WHAT NEEDS TO BE DONE
Each record, word for word and stripped of pictures, is what the answer should contain.

Dataset entries:
▬▬▬▬▬▬▬▬▬▬

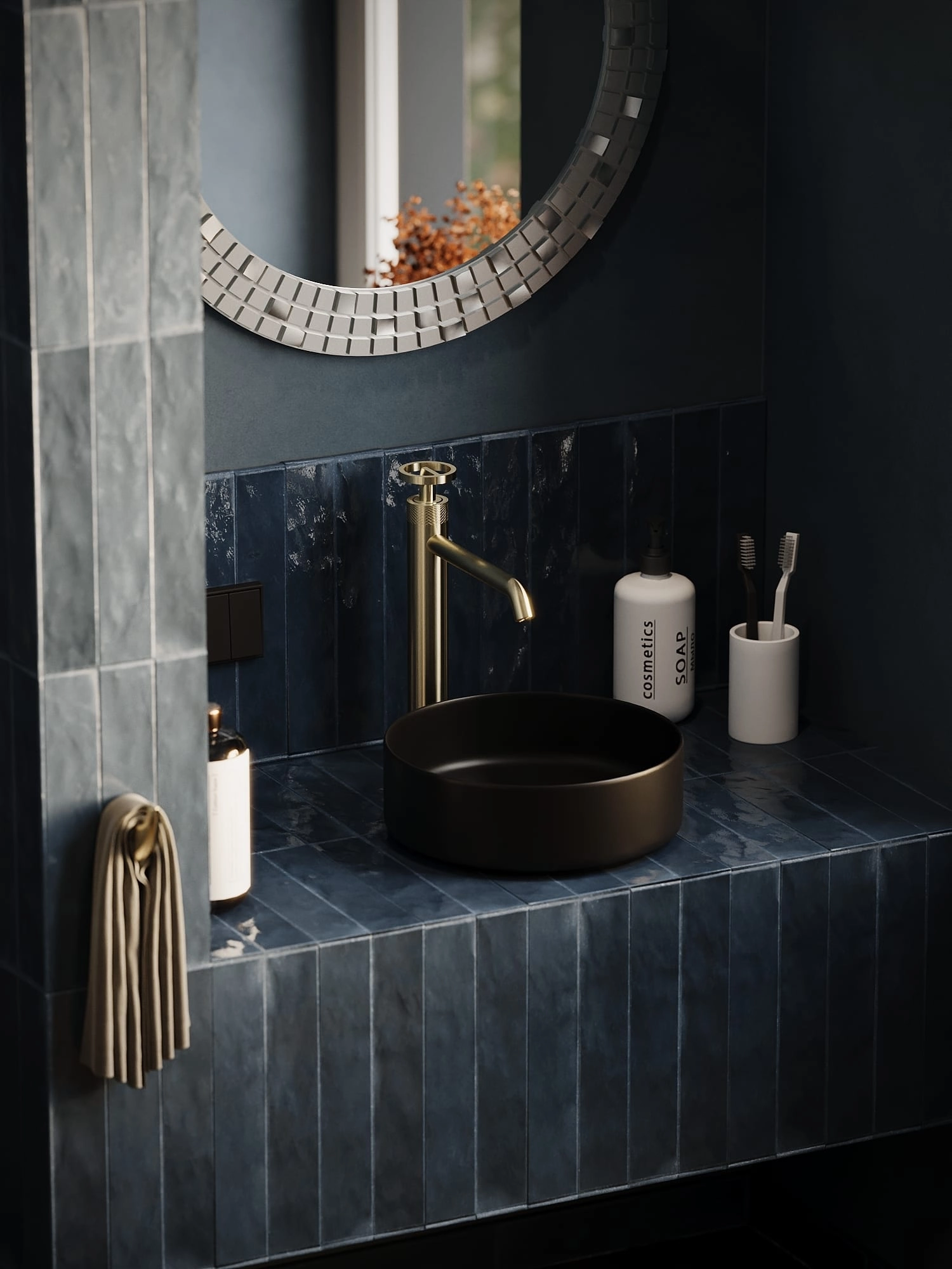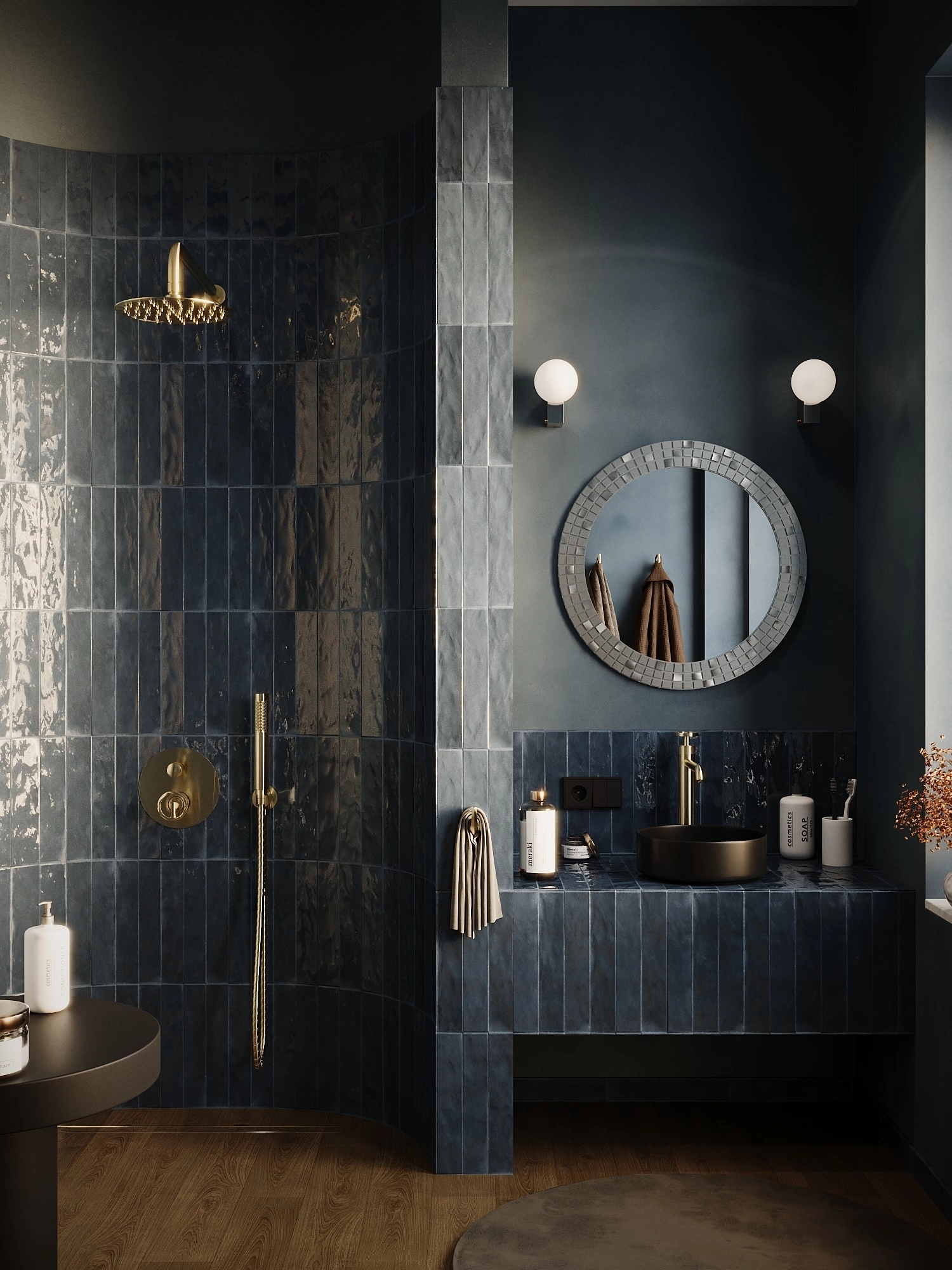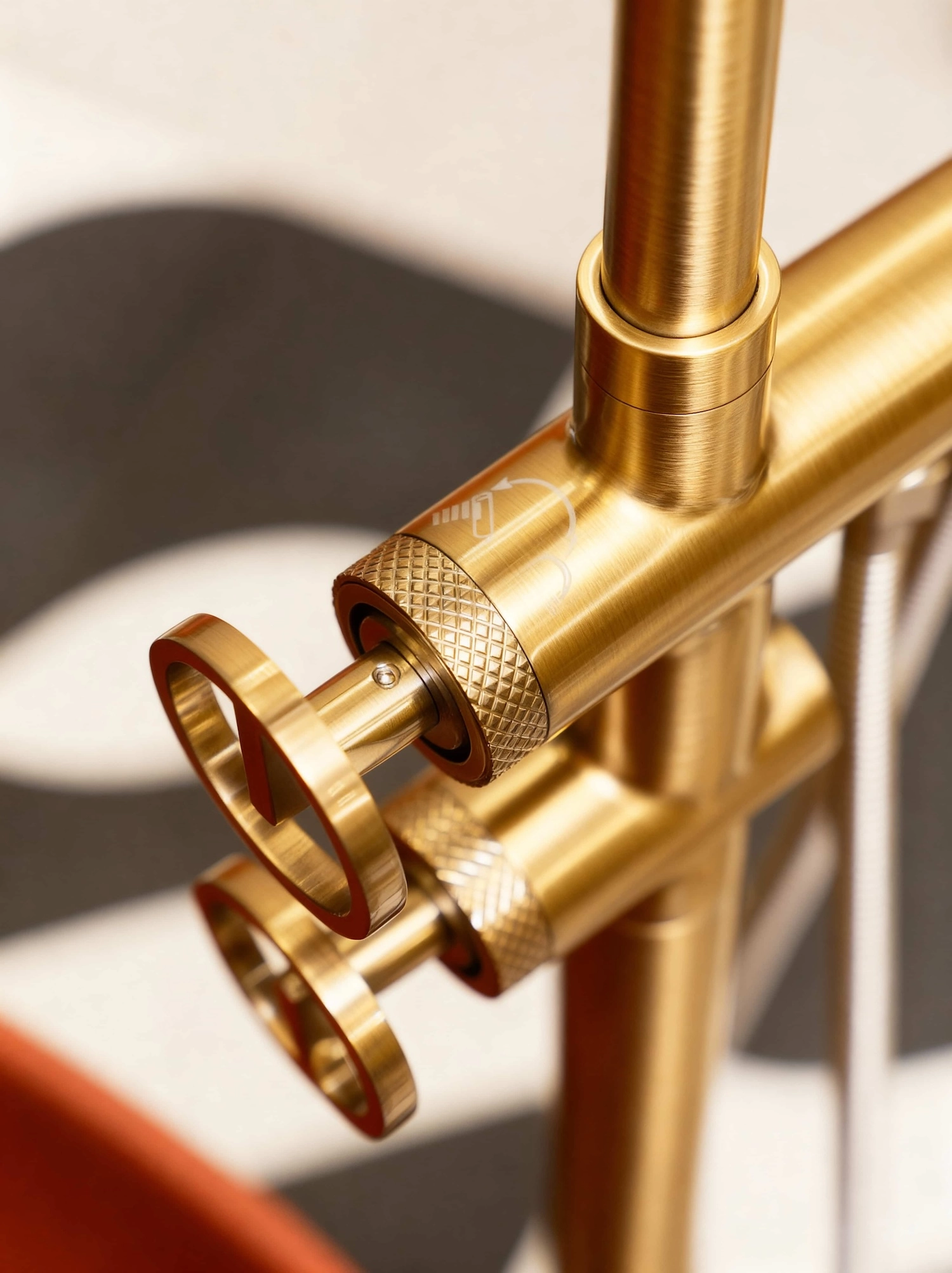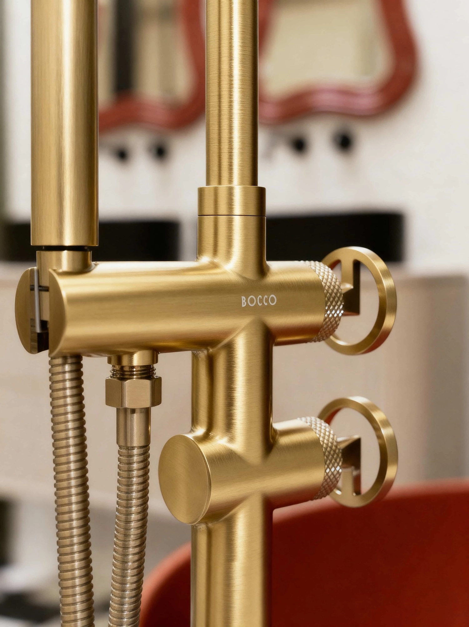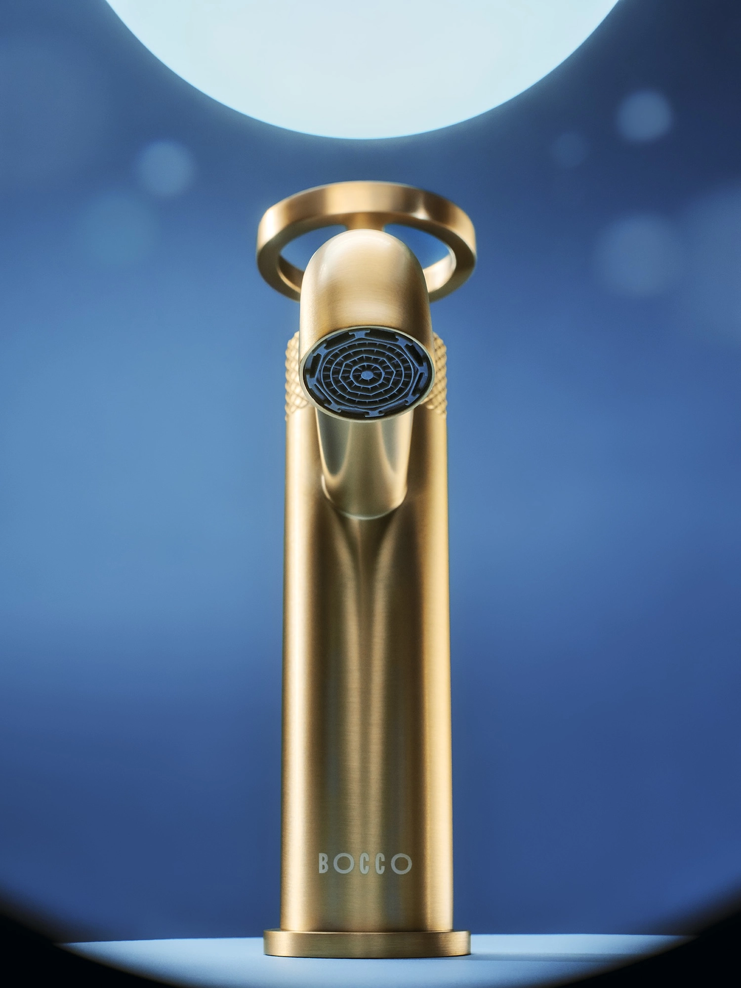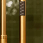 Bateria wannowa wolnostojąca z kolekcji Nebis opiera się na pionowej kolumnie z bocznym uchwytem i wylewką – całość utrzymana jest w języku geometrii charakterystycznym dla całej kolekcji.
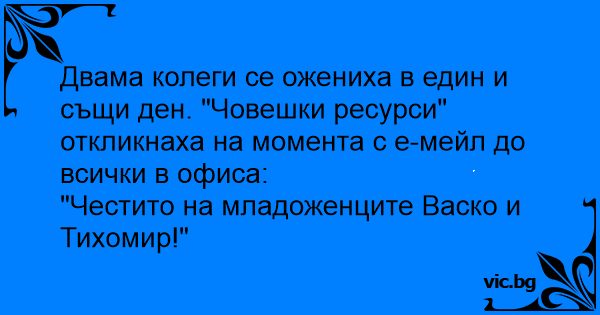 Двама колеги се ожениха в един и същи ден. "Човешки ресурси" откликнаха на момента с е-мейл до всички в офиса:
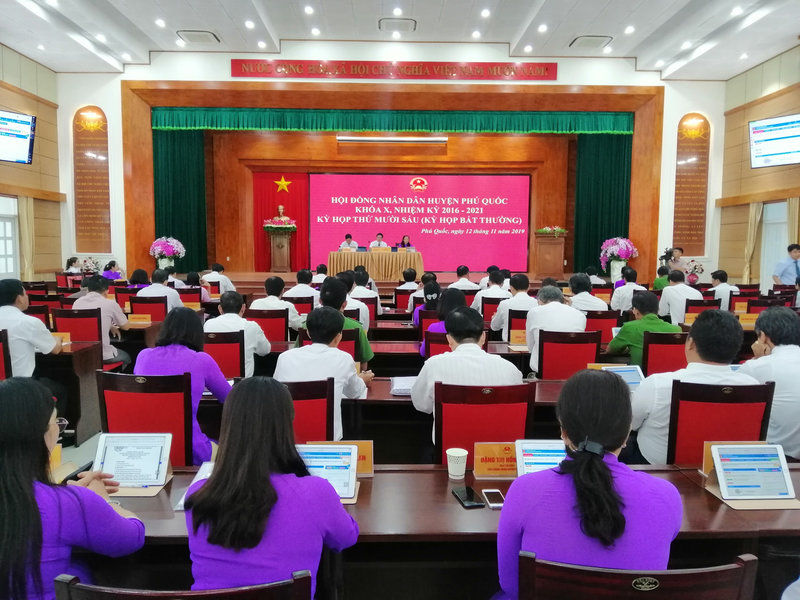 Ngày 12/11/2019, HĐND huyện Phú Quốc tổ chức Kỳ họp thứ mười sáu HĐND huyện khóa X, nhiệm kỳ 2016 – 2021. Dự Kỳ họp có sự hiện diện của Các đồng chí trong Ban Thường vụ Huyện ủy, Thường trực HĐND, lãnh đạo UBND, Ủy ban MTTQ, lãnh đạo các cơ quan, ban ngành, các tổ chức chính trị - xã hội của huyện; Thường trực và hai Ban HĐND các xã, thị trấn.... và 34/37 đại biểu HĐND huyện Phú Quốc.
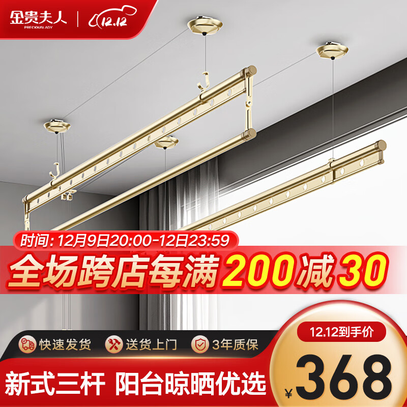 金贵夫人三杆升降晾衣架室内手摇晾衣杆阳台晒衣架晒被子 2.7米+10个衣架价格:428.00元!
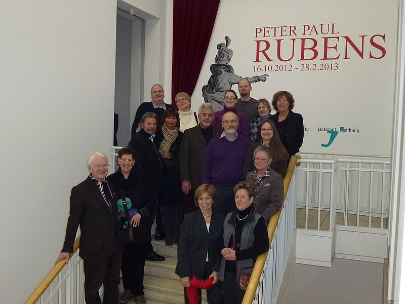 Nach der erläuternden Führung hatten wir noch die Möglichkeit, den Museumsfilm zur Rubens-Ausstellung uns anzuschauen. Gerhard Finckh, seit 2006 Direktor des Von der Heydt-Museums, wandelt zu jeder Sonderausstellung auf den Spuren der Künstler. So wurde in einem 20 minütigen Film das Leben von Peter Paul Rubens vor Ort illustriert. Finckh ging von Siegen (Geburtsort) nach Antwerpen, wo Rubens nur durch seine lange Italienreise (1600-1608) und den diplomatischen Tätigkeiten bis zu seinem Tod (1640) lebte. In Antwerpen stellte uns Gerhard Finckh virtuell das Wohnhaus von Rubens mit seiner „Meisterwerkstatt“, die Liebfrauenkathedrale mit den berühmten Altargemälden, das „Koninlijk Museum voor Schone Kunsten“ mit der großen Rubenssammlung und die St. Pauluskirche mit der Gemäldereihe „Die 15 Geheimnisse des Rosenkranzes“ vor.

▬▬▬▬▬▬▬▬▬▬

SOLUTION
 Bateria wannowa wolnostojąca z kolekcji Nebis opiera się na pionowej kolumnie z bocznym uchwytem i wylewką – całość utrzymana jest w języku geometrii charakterystycznym dla całej kolekcji.
 Двама колеги се ожениха в един и същи ден. "Човешки ресурси" откликнаха на момента с е-мейл до всички в офиса:
 Ngày 12/11/2019, HĐND huyện Phú Quốc tổ chức Kỳ họp thứ mười sáu HĐND huyện khóa X, nhiệm kỳ 2016 – 2021. Dự Kỳ họp có sự hiện diện của Các đồng chí trong Ban Thường vụ Huyện ủy, Thường trực HĐND, lãnh đạo UBND, Ủy ban MTTQ, lãnh đạo các cơ quan, ban ngành, các tổ chức chính trị - xã hội của huyện; Thường trực và hai Ban HĐND các xã, thị trấn.... và 34/37 đại biểu HĐND huyện Phú Quốc.
 金贵夫人三杆升降晾衣架室内手摇晾衣杆阳台晒衣架晒被子 2.7米+10个衣架价格:428.00元!
 Nach der erläuternden Führung hatten wir noch die Möglichkeit, den Museumsfilm zur Rubens-Ausstellung uns anzuschauen. Gerhard Finckh, seit 2006 Direktor des Von der Heydt-Museums, wandelt zu jeder Sonderausstellung auf den Spuren der Künstler. So wurde in einem 20 minütigen Film das Leben von Peter Paul Rubens vor Ort illustriert. Finckh ging von Siegen (Geburtsort) nach Antwerpen, wo Rubens nur durch seine lange Italienreise (1600-1608) und den diplomatischen Tätigkeiten bis zu seinem Tod (1640) lebte. In Antwerpen stellte uns Gerhard Finckh virtuell das Wohnhaus von Rubens mit seiner „Meisterwerkstatt“, die Liebfrauenkathedrale mit den berühmten Altargemälden, das „Koninlijk Museum voor Schone Kunsten“ mit der großen Rubenssammlung und die St. Pauluskirche mit der Gemäldereihe „Die 15 Geheimnisse des Rosenkranzes“ vor.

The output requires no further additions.